------ Input material

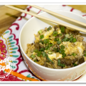 Crack your eggs and whip them with a fork. Add 1 tbsp olive oil to your wok/skillet the add the whipped eggs. Take the scrambled eggs out of the wok. Add another tbsp of olive oil then add 1 tsp of crushed garlic then add the marinated meat. This just takes about 4 minutes. Add the cooked rice, stir well. Then add the scrambled eggs and the chopped green onions.
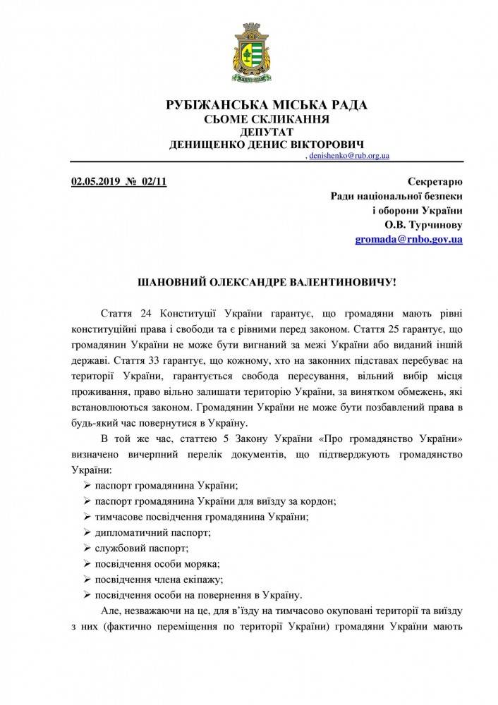 Действующий на сегодня временный порядок контроля за перемещением лиц через линию соприкосновения в пределах Донецкой и Луганской областей противоречит указанным нормам Конституции Украины и Закона Украины «О гражданстве Украины», - считает луганский политик Денис Денищенко.
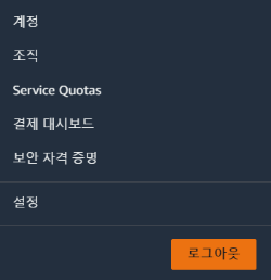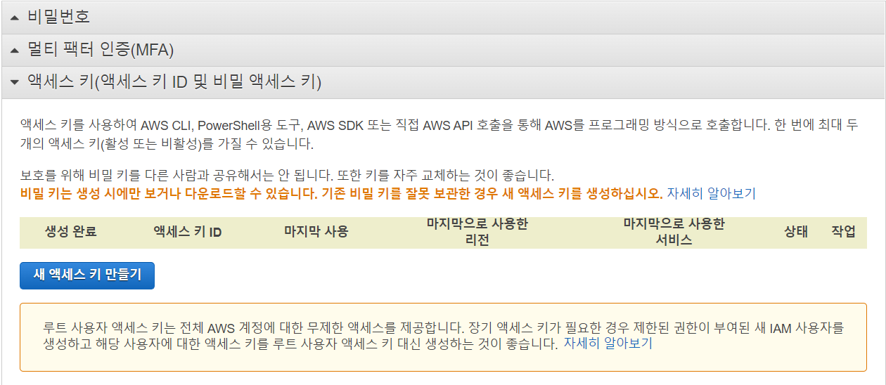 오른쪽 상단의 내 계정을 누르면 보이는 화면에서 보안 자격 증명을 선택한다. 그리고 액세스 키 탭에서 새 액세스 키 만들기를 선택한다. 이 때 액세스 키 ID와 보안 액세스 키 2가지가 나오는데, 보안 액세스 키는 발급 당시만 확인 가능하기 때문에 필히 복사 저장해두어야 한다.
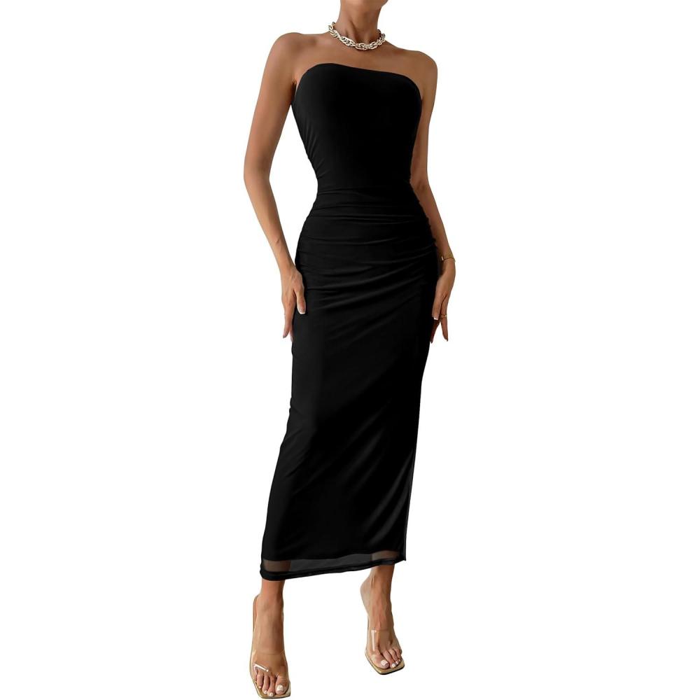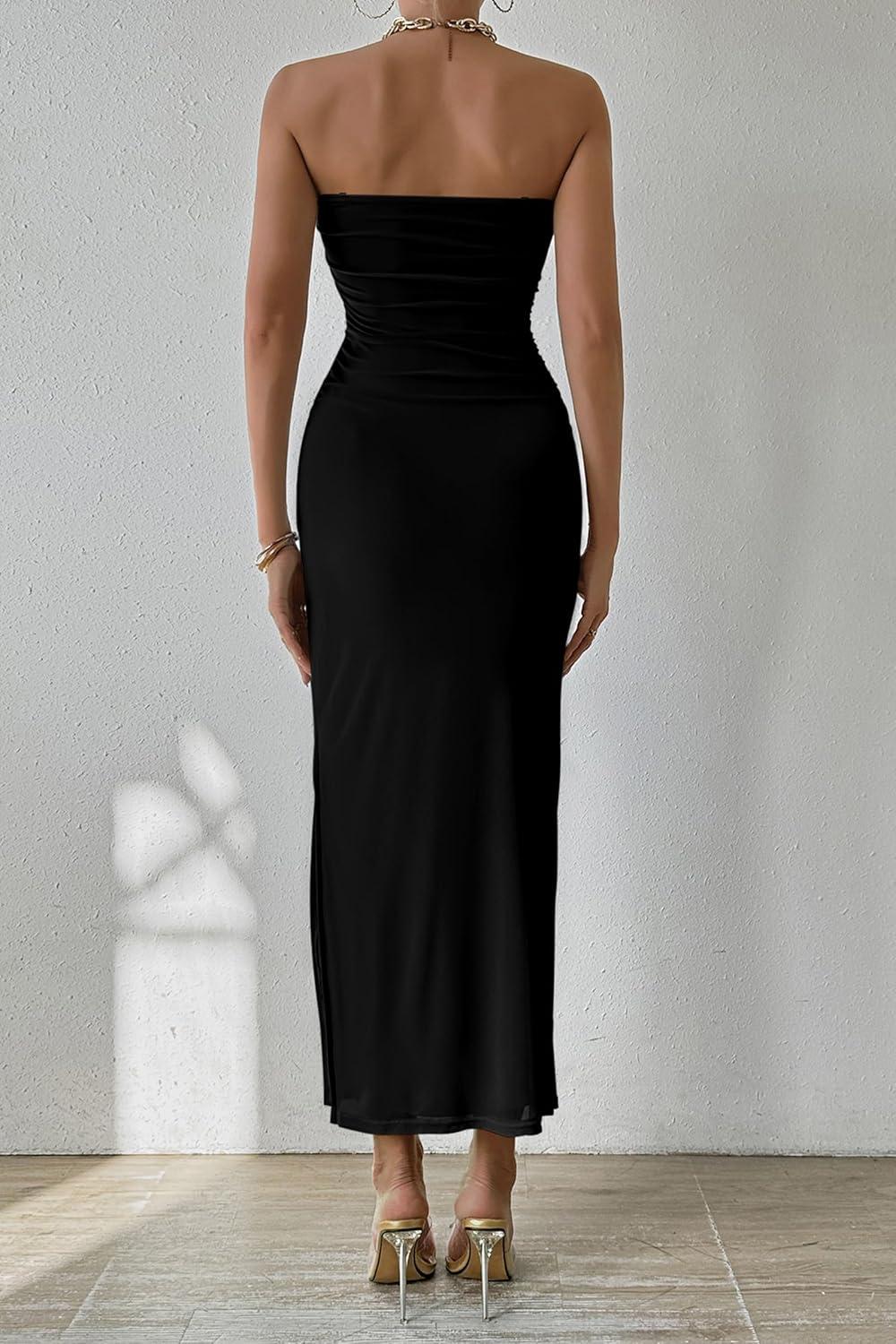 PRETTYGARDEN Women’s Summer Maxi Bodycon Dresses Strapless Tube Top Slit Floral Printed Party Club Long Dress(Solid Black)
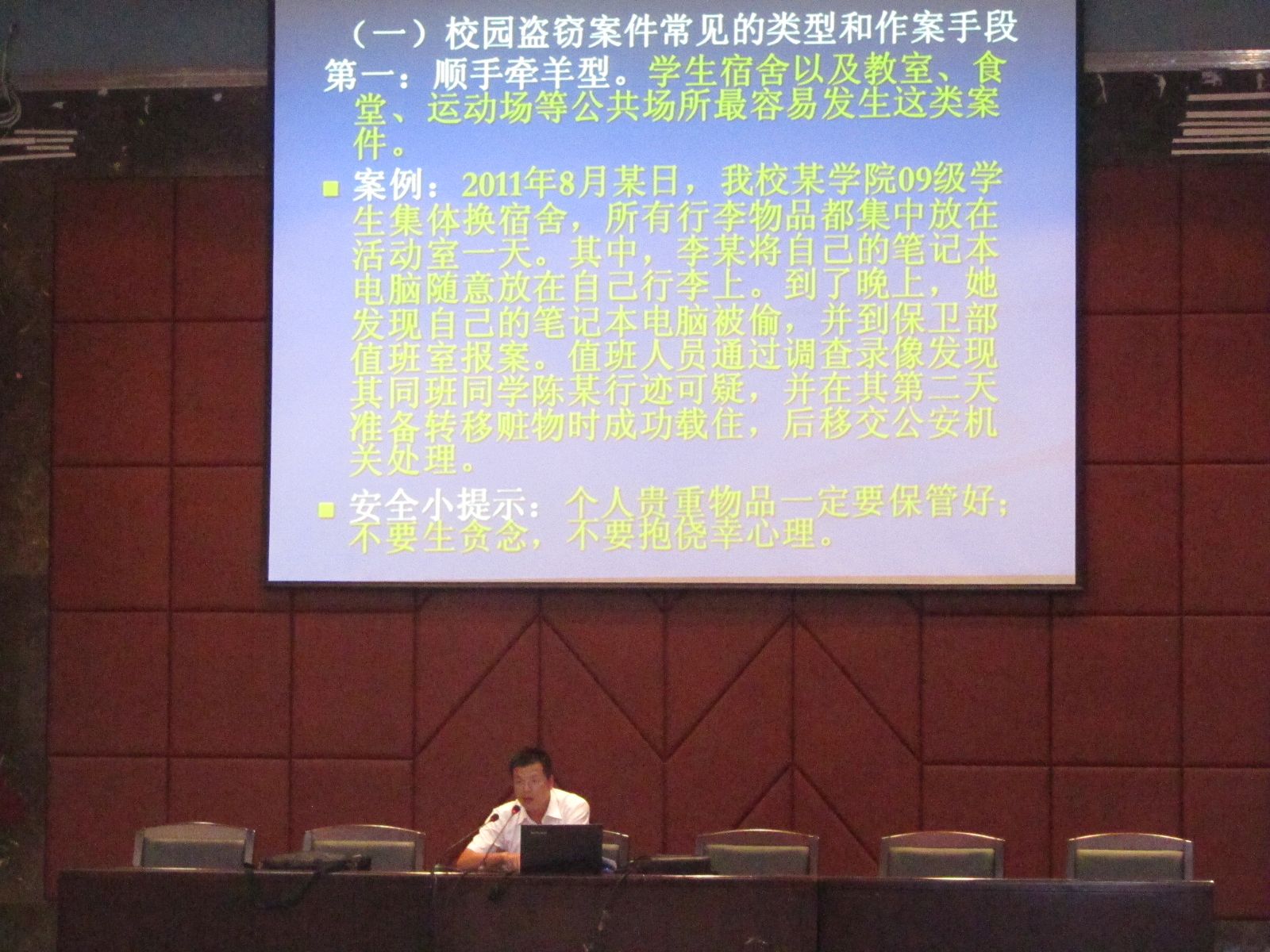 安全稳定工作是确保各项工作顺利开展的重要前提与保证,对新生在大学阶段提高安全防范意识尤为重要。林老师说虽然同学们都已步入大学,文化素质较高,但安全问题仍然存在,安全意识有待提高。林老师强调了安全教育的重要性以及新生在衣食住行各方面所涉及的安全事项,以及日常生活中应该如何防偷防骗等,同时还列举出相关案例以示警醒。针对现存问题,林老师提出了学生们可采取的预防措施和应对方法,图文并茂的讲授方式达到了很好的教育效果。此外,他还强调了校园网络安全与国家安全的重要性,希望同学们严格遵守国家法律、法规,维护国家、社会、集体和个人的合法权益。讲座最后在林老师对新生的祝福下落下帷幕。
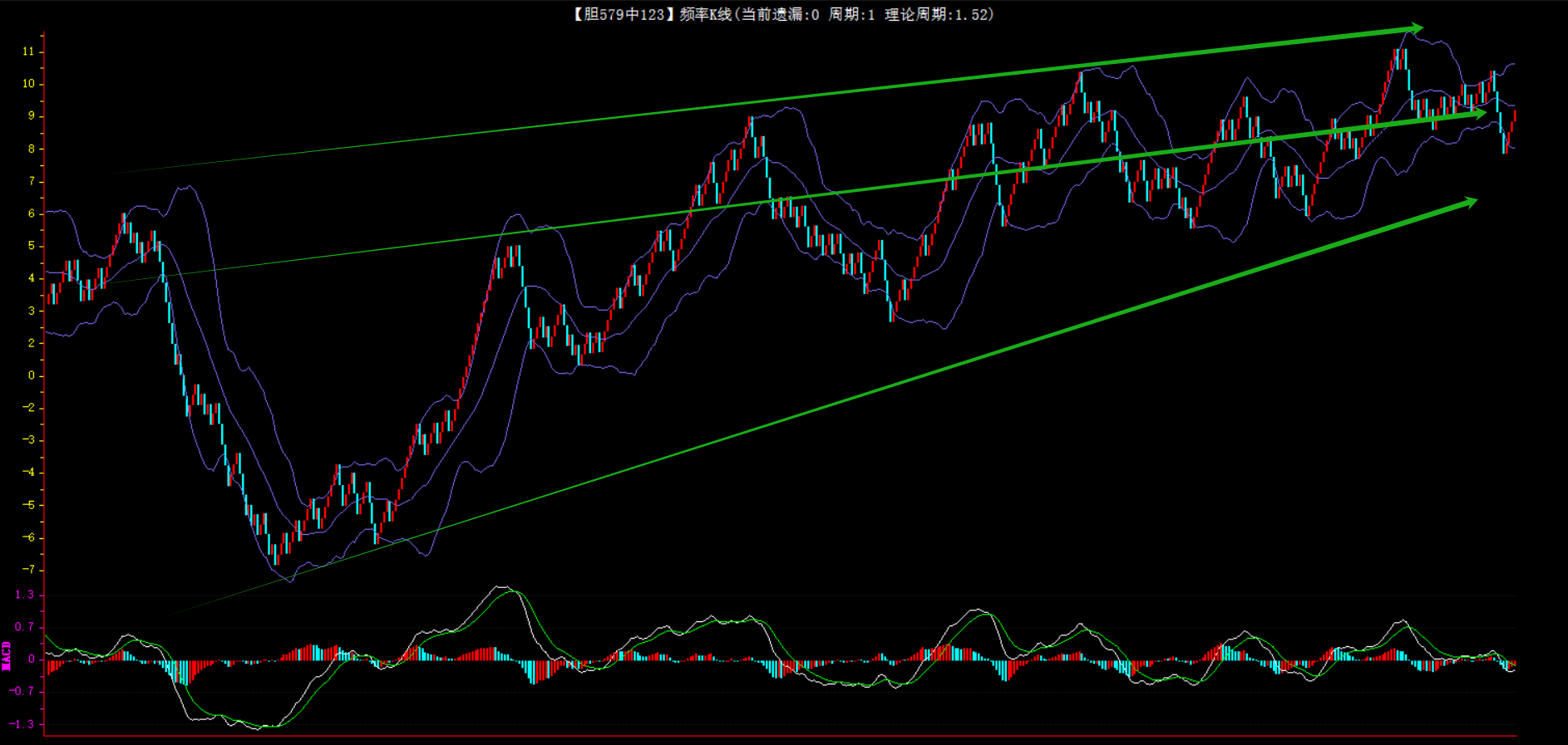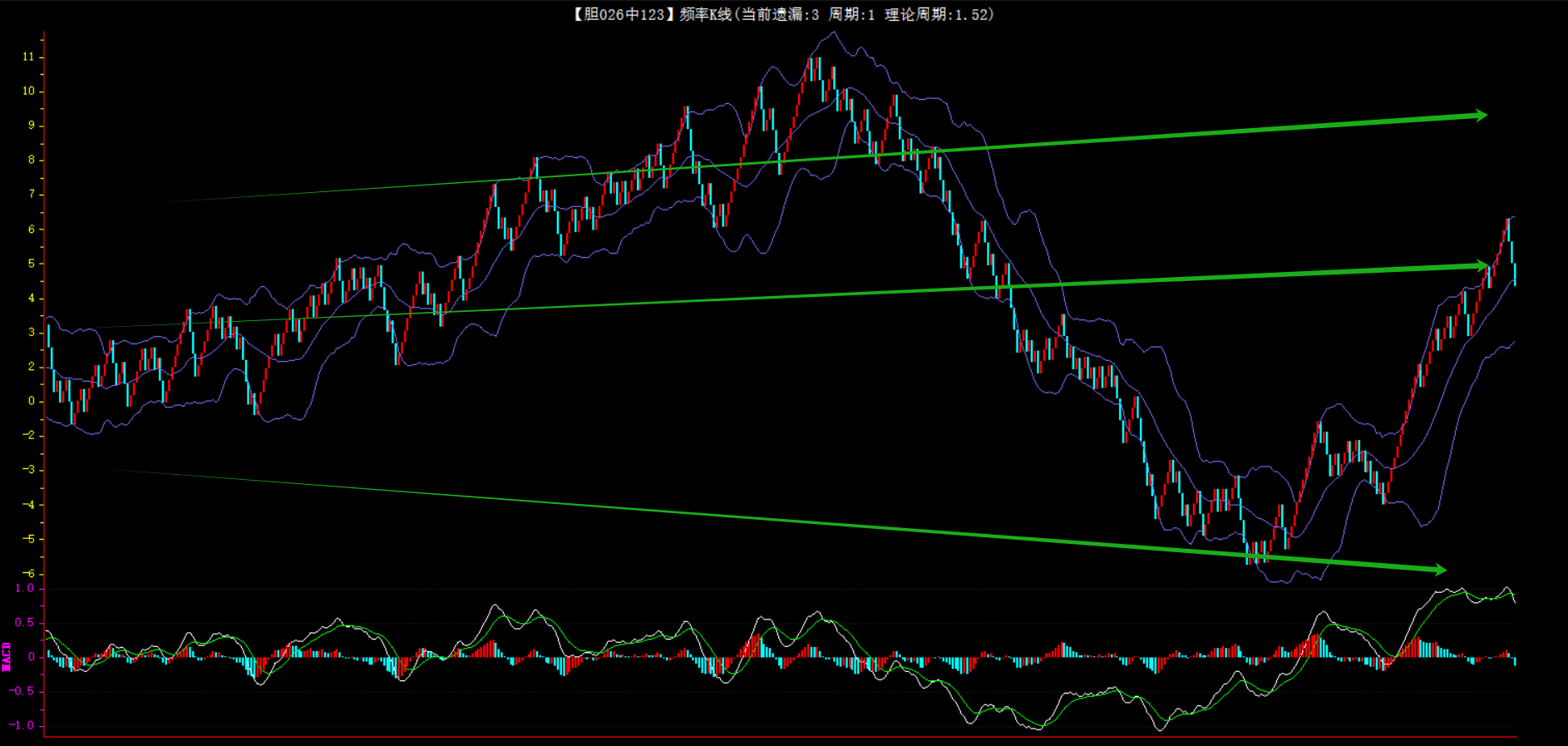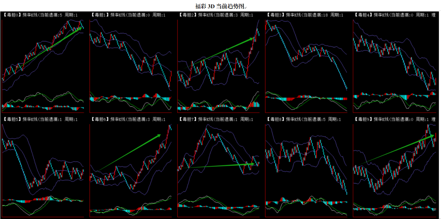 整体趋势上行,上边沿线趋势向上,下边沿趋势向下,节点震荡,当前遗漏3期,本期关注。
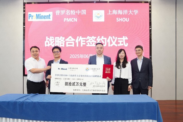 普罗名特(上海)有限公司与学校完成捐赠签约,向学校捐赠82万元,设立普罗名特奖学金。段颖泽向学校捐赠奖学金支票,上海海洋大学社会协同与校友事务处副处长张宇峰向普罗名特(上海)有限公司颁发《捐赠证书》。同时,双方签订《深海装备联合开发》技术合作协议,普罗名特(上海)有限公司出资68万元,由上海海洋大学工程学院相关科研团队承担深海计量泵、深海多参数水质监测仪的研制工作。
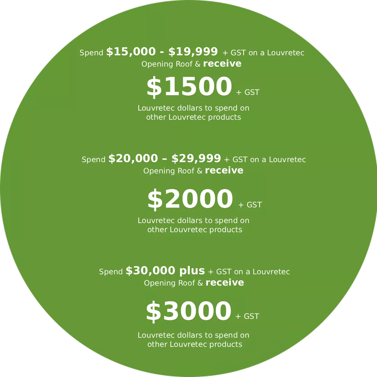 Spend $15,000 - $19,999 + GST on a Louvretec Opening Roof & receive
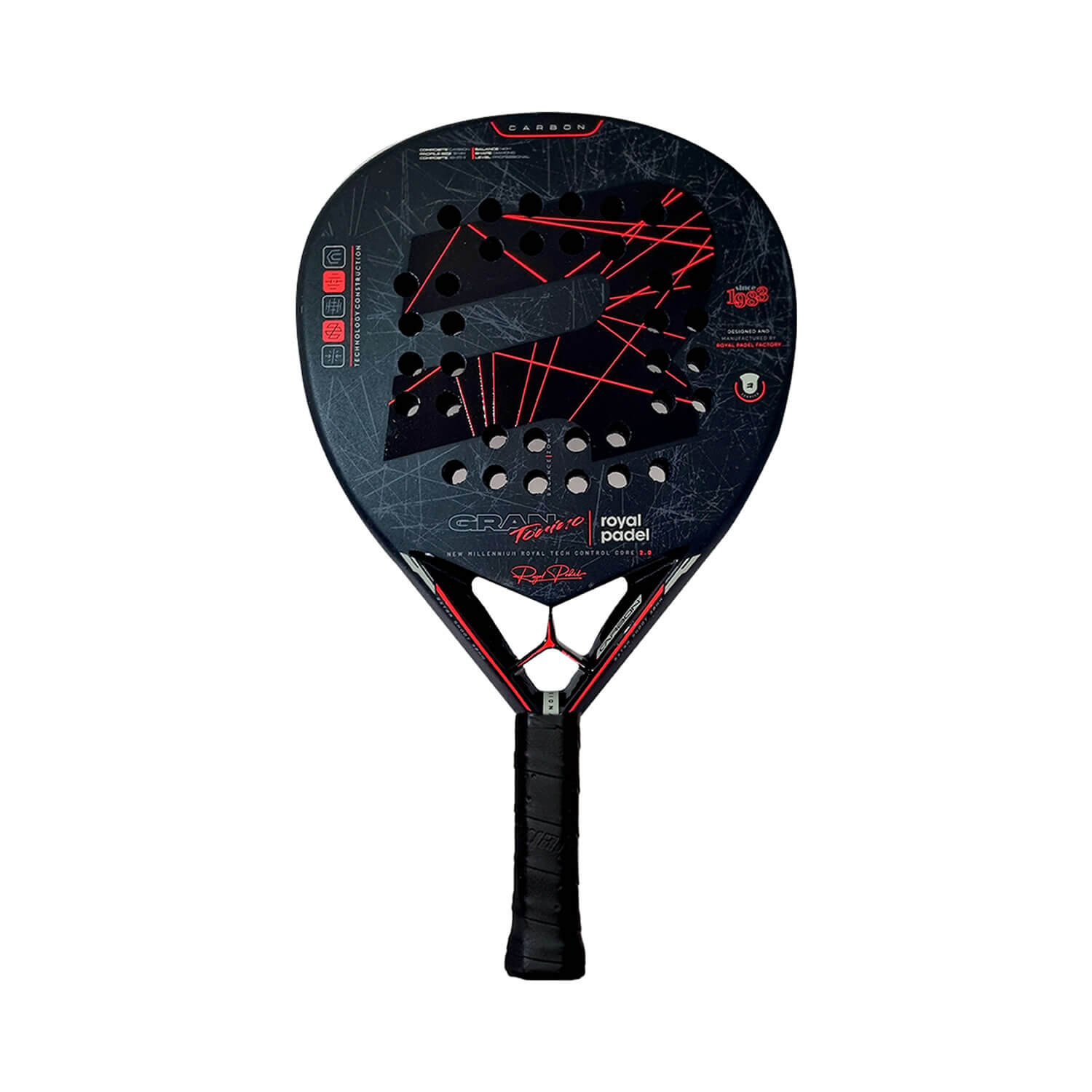 Descubre la pala Gran Torino Fiber, perfecta para elevar tu juego al siguiente nivel. Como todas nuestras palas, combina tecnología innovadora y materiales de alta calidad para ofrecerte un equilibrio excepcional entre potencia y control. Todas nuestras palas cuentan con diseño y peso optimizado lo que te permitirá ejecutar un juego con mayor facilidad. No esperes más, consigue esta pala y experimenta un juego inigualable en la pista.

------------

* _Work order_
In the records above, find the line that contains "普罗名特(上海)有限公司与学". Print it and every later line exactly, omitting the pictures.

* _Solution to the problem_
 普罗名特(上海)有限公司与学校完成捐赠签约,向学校捐赠82万元,设立普罗名特奖学金。段颖泽向学校捐赠奖学金支票,上海海洋大学社会协同与校友事务处副处长张宇峰向普罗名特(上海)有限公司颁发《捐赠证书》。同时,双方签订《深海装备联合开发》技术合作协议,普罗名特(上海)有限公司出资68万元,由上海海洋大学工程学院相关科研团队承担深海计量泵、深海多参数水质监测仪的研制工作。
 Spend $15,000 - $19,999 + GST on a Louvretec Opening Roof & receive
 Descubre la pala Gran Torino Fiber, perfecta para elevar tu juego al siguiente nivel. Como todas nuestras palas, combina tecnología innovadora y materiales de alta calidad para ofrecerte un equilibrio excepcional entre potencia y control. Todas nuestras palas cuentan con diseño y peso optimizado lo que te permitirá ejecutar un juego con mayor facilidad. No esperes más, consigue esta pala y experimenta un juego inigualable en la pista.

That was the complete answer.